Similarly, users can easily build available point locators as well.

When using an object of vtkm::cont::CellLocator, or vtkm::cont::PointLocator in the execution environment, they need to be passed to the worklet as an ExecObject argument. In the execution environment, users will receive a pointer to an object of type vtkm::exec::CellLocator, or vtkm::exec::PointLocator respectively. vtkm::exec::CellLocator provides a method FindCell to use in the execution environment to query the containing cell of a point. vtkm::exec::PointLocator provides a method FindNearestNeighbor to query for the nearest point.

As of now, VTK-m provides only one implementation for each of the given interfaces. vtkm::cont::BoundingIntervalHierarchy which is an implementation of vtkm::cont::CellLocator, and vtkm::cont::PointLocatorUniformGrid, which is an implementation of vtkm::cont::PointLocator.

vtkm::cont::Algorithm now can be told which device to use at runtime

The vtkm::cont::Algorithm has been extended to support the user specifying which device to use at runtime previously Algorithm would only use the first enabled device, requiring users to modify the vtkm::cont::GlobalRuntimeDeviceTracker if they wanted a specific device used.

To select a specific device with vtkm::cont::Algorithm pass the vtkm::cont::DeviceAdapterId as the first parameter.

vtkm::cont::ArrayHandle<double> values;

//call with no tag, will run on first enabled device
auto result = vtkm::cont::Algorithm::Reduce(values, 0.0);

//call with an explicit device tag, will only run on serial
vtkm::cont::DeviceAdapterTagSerial serial;
result = vtkm::cont::Algorithm::Reduce(serial, values, 0.0);

//call with an runtime device tag, will only run on serial
vtkm::cont::DeviceAdapterId device = serial;
result = vtkm::cont::Algorithm::Reduce(device, values, 0.0);

Support ExecArg behavior in vtkm::cont::Algorithm methods

vtkm::cont::Algorithm is a wrapper around DeviceAdapterAlgorithm that internally uses TryExecutes to select an appropriate device. The intention is that you can run parallel algorithms (outside of worklets) without having to specify a particular device.

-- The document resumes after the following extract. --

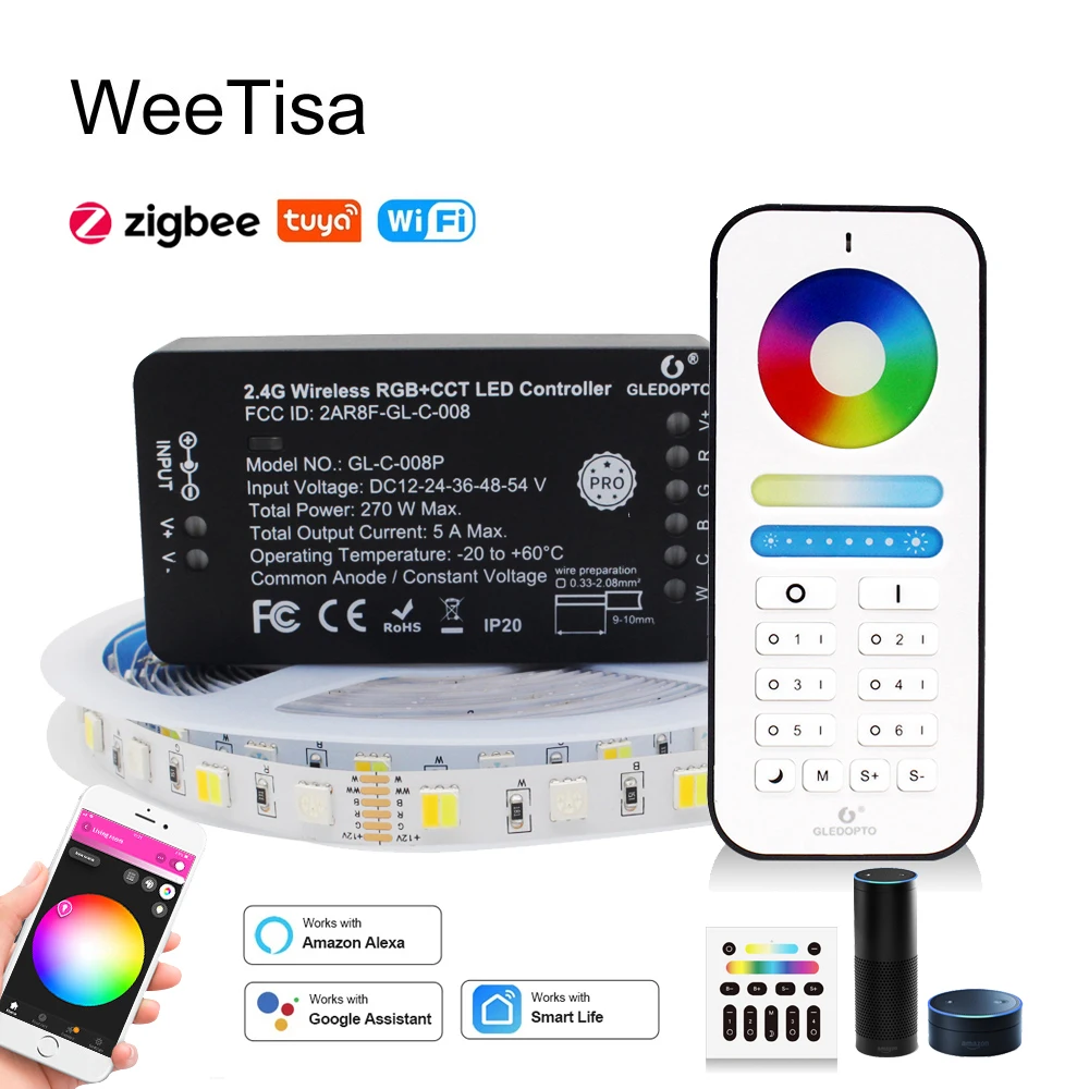 Светодиодная лента RGB CCT 12 В 5 м RGBCCT WIFI Smart Gledopto Zigbee Pro контроллер, водонепроницаемая SMD 5050 Светодиодная лента для украшения комнаты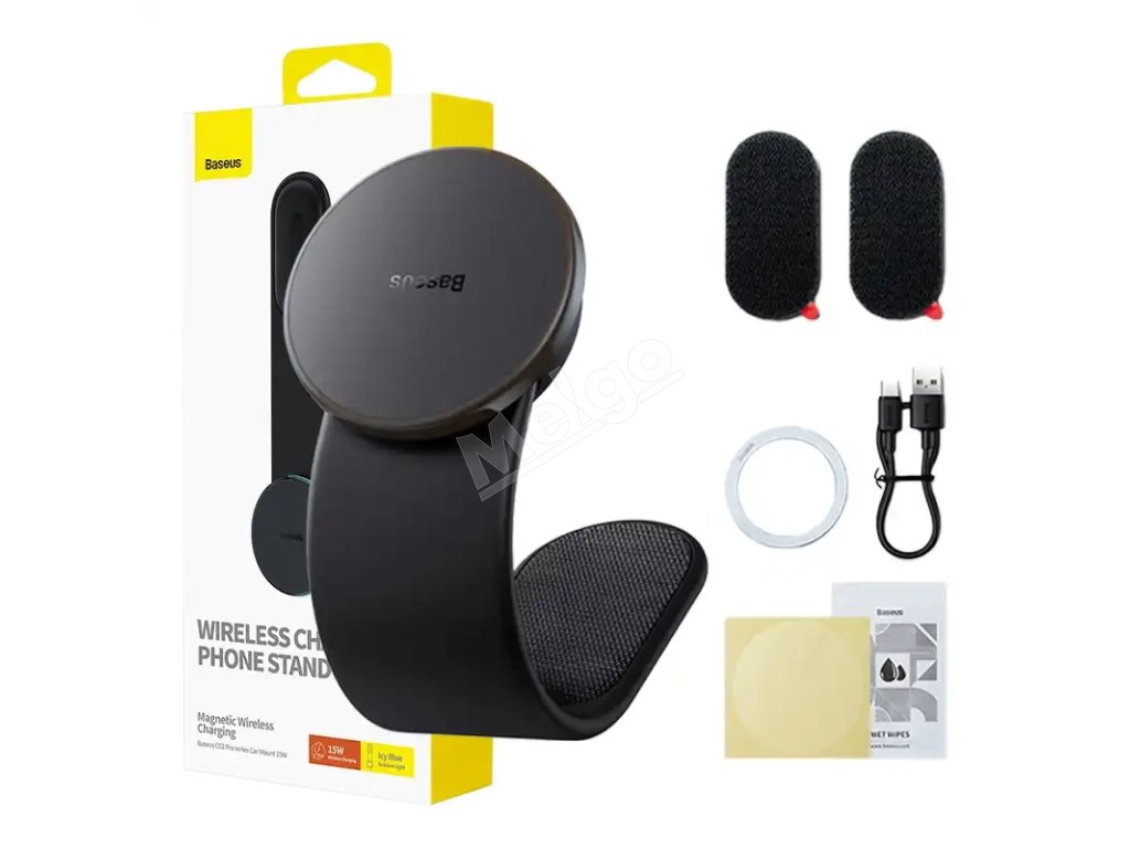 Baseus C02 Pro Series, vybavený 15W magnetickým nabíjacím systémom, dokáže udržať zariadenia s hmotnosťou až 1,8 kg, takže je ideálny pre väčšinu smartfónov dostupných na trhu. Konštrukcia držiaka je špeciálne prispôsobená pre telefóny iPhone, ale je kompatibilný aj s telefónmi iných značiek. Jemné modré osvetlenie dodáva držiaku eleganciu a uľahčuje jeho lokalizáciu v noci. Páska 3M poskytuje dodatočnú stabilitu aj pri extrémnych teplotách a pružný a odolný materiál umožňuje nastaviteľné uhly pohľadu. Držiak tiež umožňuje orientáciu na výšku aj na šírku, čím zvyšuje pohodlie používateľa.

Most of the arguments given to device adapter algorithms are actually control-side arguments that get converted to execution objects internally (usually a vtkm::cont::ArrayHandle). However, some of the algorithms, take an argument that is passed directly to the execution environment, such as the predicate argument of Sort. If the argument is a plain-old-data (POD) type, which is common enough, then you can just pass the object straight through. However, if the object has any special elements that have to be transferred to the execution environment, such as internal arrays, passing this to the vtkm::cont::Algorithm functions becomes problematic.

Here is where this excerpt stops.